----- Exercise inputs

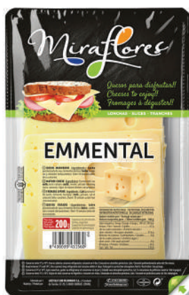
LONCHAS EMMENTAL 150GR (CJ 18U) REF:0331
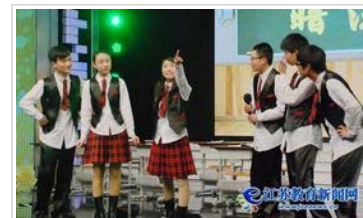
2011年江苏省中小学“校园心理剧”优秀剧目汇演及颁奖活动
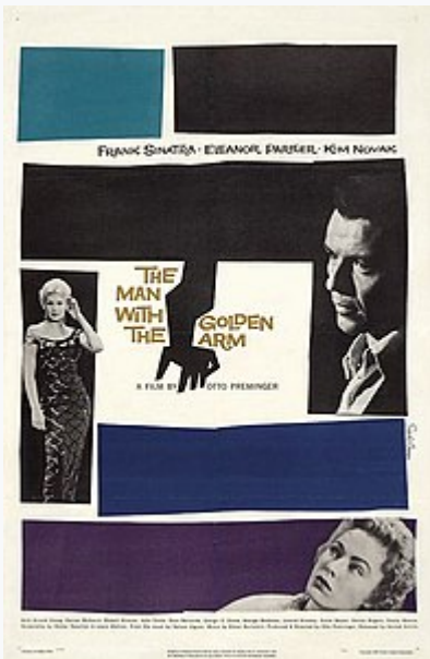
La locandina realizzata da Saul Bass
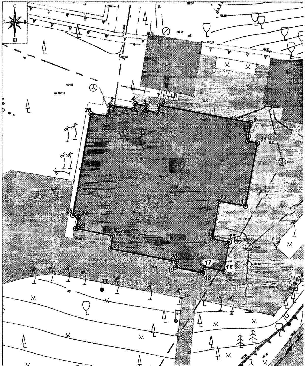
Схема границ территории объекта культурного наследия
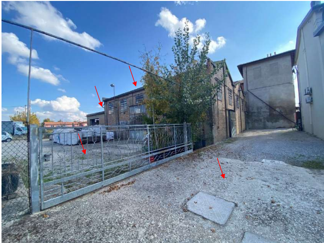
Vista della porzione di fabbricato pignorato e di una porzione dell'area cortiliva, in particolare il lato ovest dell'area cortiliva è interessato da una servitù di passaggio con i fabbricati residenziali vicini
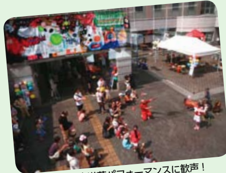
晴天での大道芸パフォーマンスに歓声!
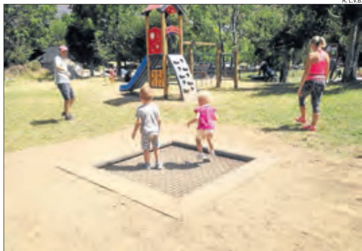
Nens jugant al nou parc del Pla de l'Ermita.
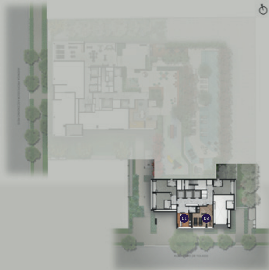
PERSPECTIVA ARTÍSTICA DO 1º PAVIMENTO IMAGEM PRELIMINAR SUJEITA A ALTERAÇÃO
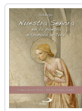
NUESTRA SEÑORA EN LA POESIA ESPAÑOLA ACTUAL CABANILLAS, JOSE JULIO
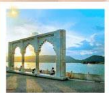
Ana Sagar Lake
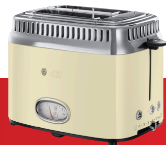
Retro Vintage Cream 21682-56
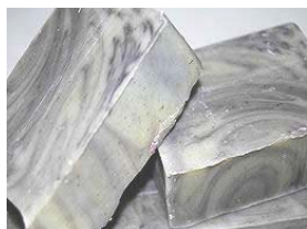
Pachthouli & Gengibre Extracto de gengibre e óleo essencial de Pachthouli. Pode ser utilizado com Shampoo (+/-100gr) 4,15€
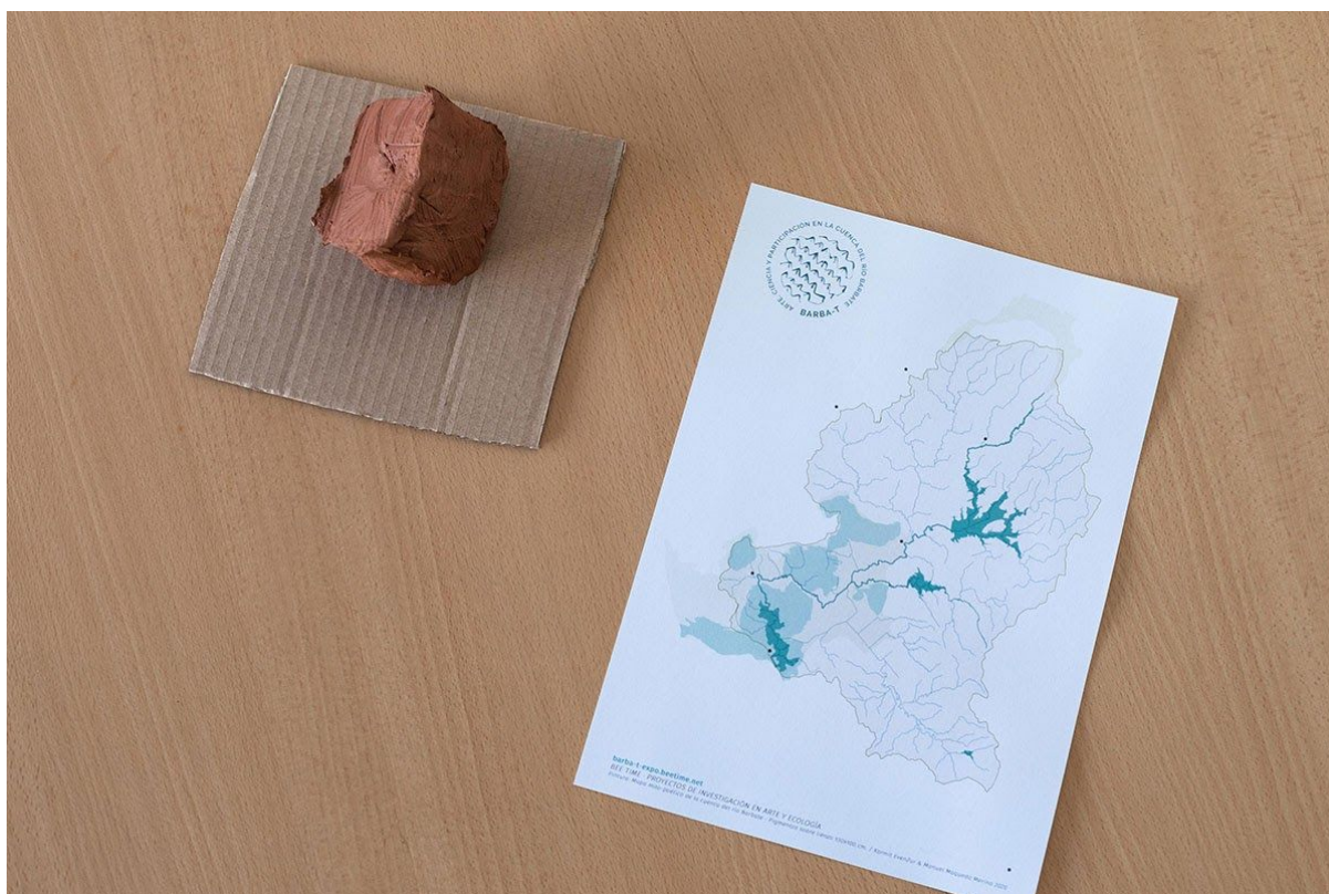
Taller Cartografía Crítica Creativa - Beetime 2020
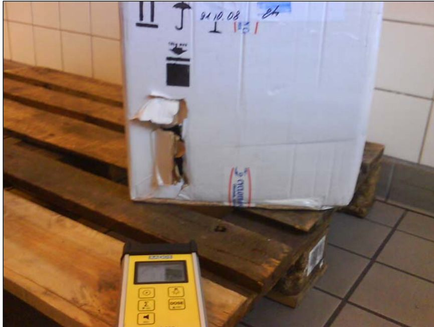
Figur 2. Kontrolmåling af beskadiget forsendelse, Kastrup 2008

Fra udlandet foreligger der, som i de øvrige år, beretninger i faglitteraturen om hændelse og uheld under transport af radioaktive stoffer. Ingen af disse hændelser har som følge af stråling medført påviselig sygdom eller død for de involverede personer. I nogle få tilfælde har der været tale om betydende stråledoser til personer. Årsagen hertil har, helt overvejende været at finde i afsenderens svigtende kontrol af dele af de benyttede transportbeholdere eller mangelfuld kontrolmåling af kolli før afsendelse.
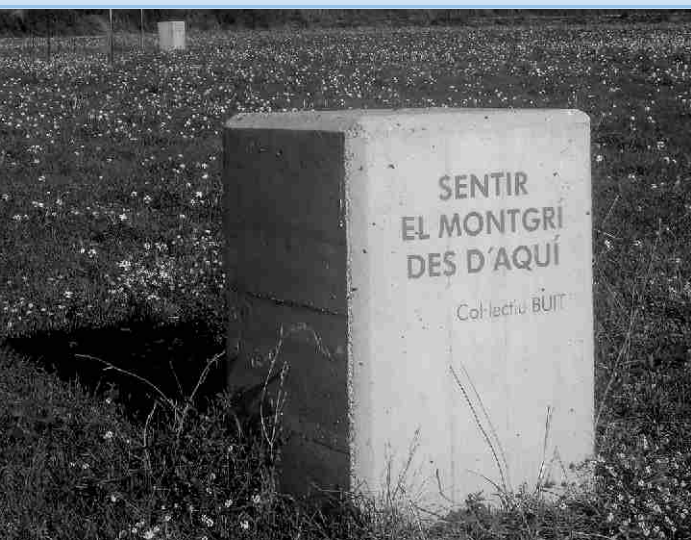
▼ Obra del Col·lectiu Buit que destaca la pau de contemplar el Montgrí
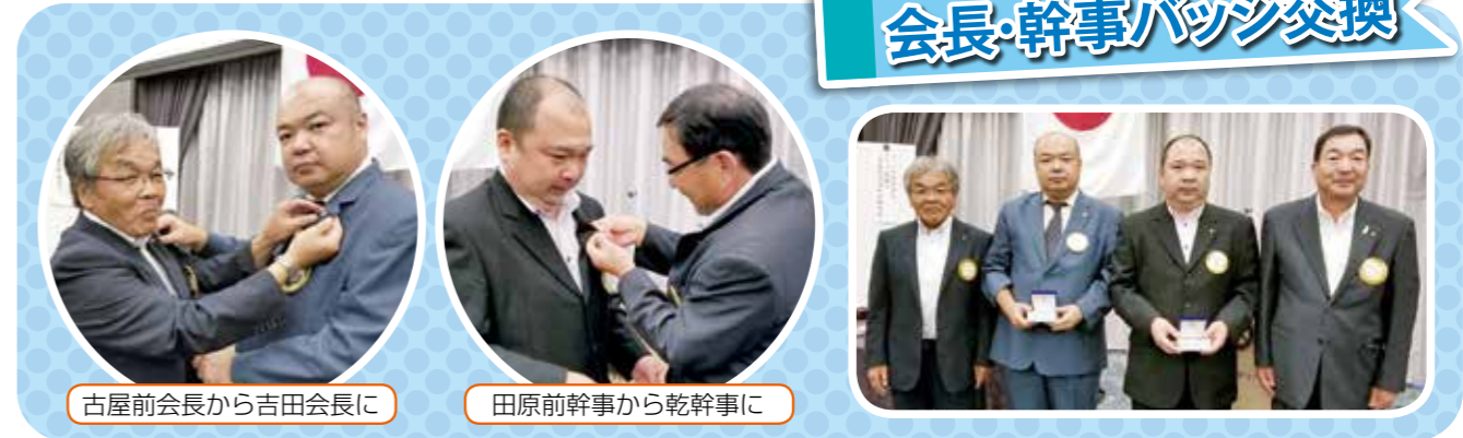
古屋前会長から吉田会長に
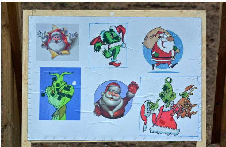
Motiven på station 3! Skjut INTE på julmoten!
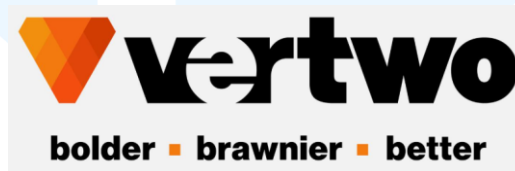
Gambar 2.1 Logo Vertwo

Vertwo merupakan perusahaan industri kreatif yang berfokus pada pembuatan webtoon . Berdiri sejak 20 Juni 2020, Vertwo terbentuk oleh para profesional yang memiliki pengalaman lebih dari satu dekade di industri kreatif. Perusahaan ini mendasar pada kepercayaan bahwa seniman di Indonesia memiliki kemampuan untuk bersaing secara global. Vertwo mendasarkan identitas perusahaannya pada moto “ Vertwo is our virtue ”. Kata virtue diartikan sebagai kualitas moral yang baik dalam diri tiap individu, serta penggambaran dari prinsip moralitas yang dihargai dalam menjalankan pekerjaan secara profesional. Vertwo telah menjadi media bagi lebih dari 150 para seniman dan telah memproduksi lebih dari 40 judul komik webtoon yang tersebar luas di berbagai platform secara internasional. (Vertwo, 2025)
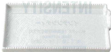
10-1041-2 H-94-63 陶 スタッキング串抜き皿 白マットガラス ¥2,200 (23×12×2(3.5))
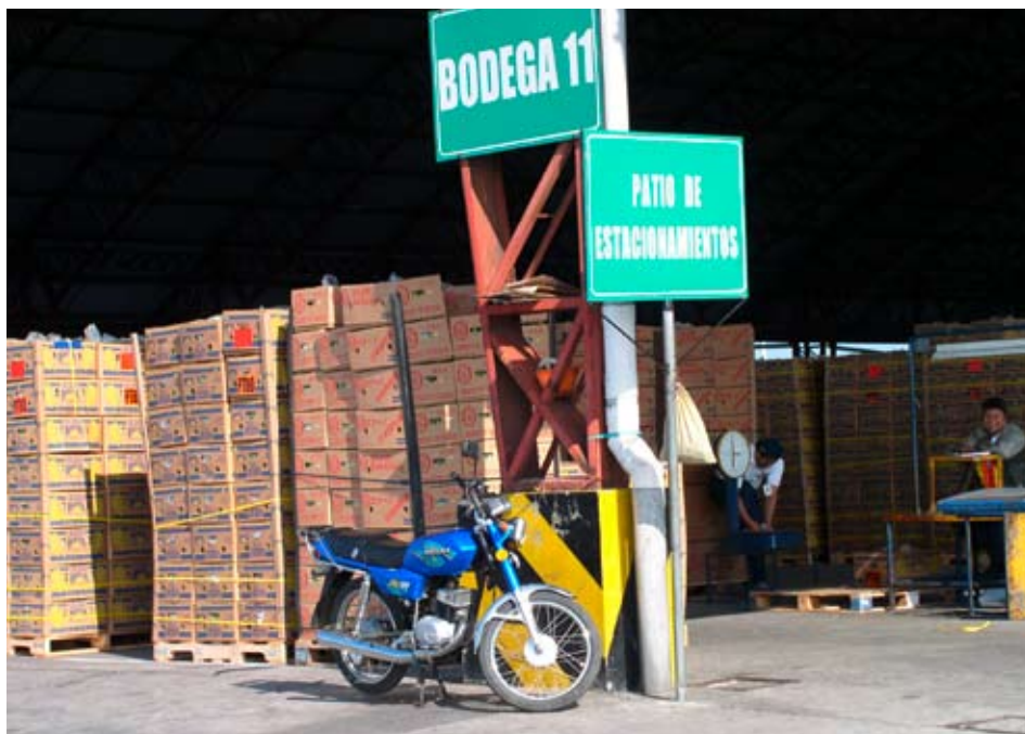
Die Bananen stehen im Bananenhafen in Machala zur Verschiffung bereit

Geben Sie uns ihre Termine bekannt, dann können wir sie gerne hier veröffentlichen!
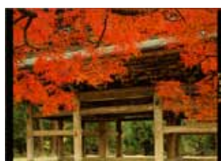
神奈川 -012 円覚寺 4992617605630
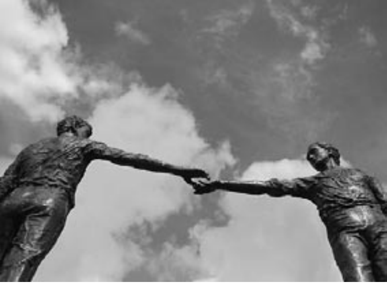
Nur Versöhnung und Dialog weisen in eine Zukunft ohne Terrorismus.

denen die Dividenden für die Aktionäre wichtiger sind, als zum Beispiel preisgünstige Medikamente gegen AIDS oder andere Krankheiten, haben bedeutend mehr Tote auf ihrem Gewissen, als viele Terroristen zusammen. Darüber schweigen unsere Medien.
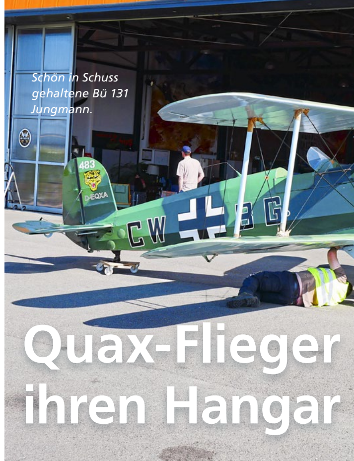
Schön in Schuss gehaltene Bü 131 Jungmann.
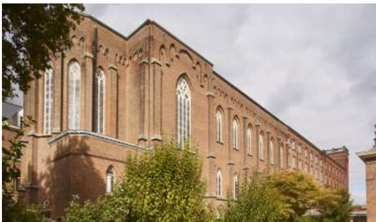
Sint-Angela-instituut en -klooster
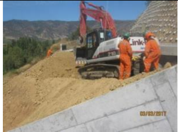
Relleno estructural costado muros, canal de descarga aliviadero.
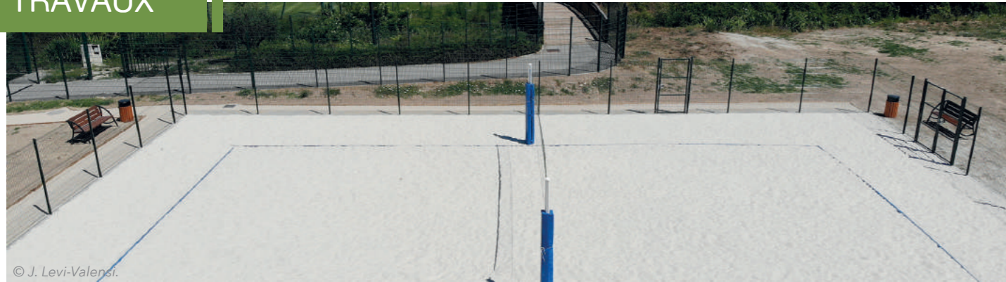
Aménagement du Beach Volley
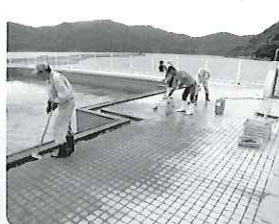
プール清掃の様子 (瀬戸地区)
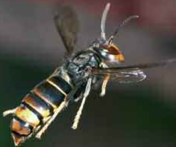
Asiako liztor bat bertako erlea erasotzeko prest

Dagoeneko 50 habia kendu dituzte Oñatin; iazkoak halako bi garai honetan
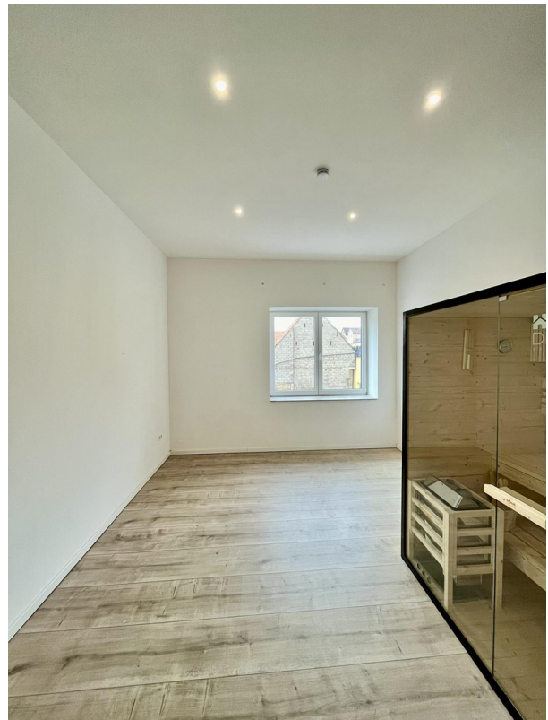
Zimmer 1 mit Sauna

----------

Your goal
Check the listing above for lines containing the string "Vertwo", and copy each one.

Answer for the task
Gambar 2.1 Logo Vertwo
Vertwo merupakan perusahaan industri kreatif yang berfokus pada pembuatan webtoon . Berdiri sejak 20 Juni 2020, Vertwo terbentuk oleh para profesional yang memiliki pengalaman lebih dari satu dekade di industri kreatif. Perusahaan ini mendasar pada kepercayaan bahwa seniman di Indonesia memiliki kemampuan untuk bersaing secara global. Vertwo mendasarkan identitas perusahaannya pada moto “ Vertwo is our virtue ”. Kata virtue diartikan sebagai kualitas moral yang baik dalam diri tiap individu, serta penggambaran dari prinsip moralitas yang dihargai dalam menjalankan pekerjaan secara profesional. Vertwo telah menjadi media bagi lebih dari 150 para seniman dan telah memproduksi lebih dari 40 judul komik webtoon yang tersebar luas di berbagai platform secara internasional. (Vertwo, 2025)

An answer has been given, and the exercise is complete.